Given a struct with a generic Option<T> where T might not implement Clone why can't None be cloned? Isn't a None of type T the same as any other None? For example:

struct Foo<T> {
    bar: Vec<Option<T>>,
}

impl <T> Foo<T> {
    fn blank(size: usize) -> Foo<T> {
        Foo {
            bar: vec![None; size],
        }
    }
}

Answer 1

As the other answers correctly point ouf, this is due to the way the vec!-macro is implemented. You can manually create a Vec of any Option<T> without requiring T to be Clone:

let bar = std::iter::repeat_with(|| Option::<T>::None).take(size).collect::<Vec<_>>();

This will create size-number of Option::<T>::None and place them in a Vec, which will be pre-allocated to the appropriate size. This works for any T.

Answer 2

Isn't a None of type T the same as any other None?
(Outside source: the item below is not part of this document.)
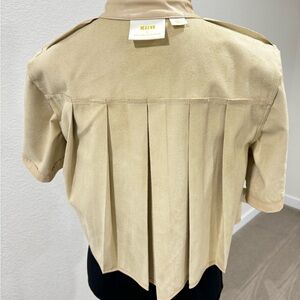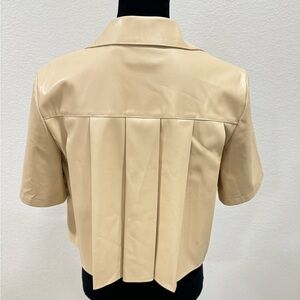Anthropologie Maeve Pleated Vegan Leather Short Sleeve Shirt

Definitely not! Unlike reference-based languages where null is typically implemented as a null-reference, Rust's Option<T> introduces no indirection and stores T inline when the option is Some. Since all enum variants have the same size, the None variant must still occupy at least as much space as T.

Having said that, it is technically true that the None value could be cloned without T being Clone simply because the None variant of the enum doesn't contain the T, it only stores the discriminator and reserves space that could contain T if the variant were to change to Some. But since Rust enum variants are not separate types, a trait bound defined for the enum must cover all variants.

See other answers more detailed explanations and instructions how to create a vector of None values of a non-cloneable Option.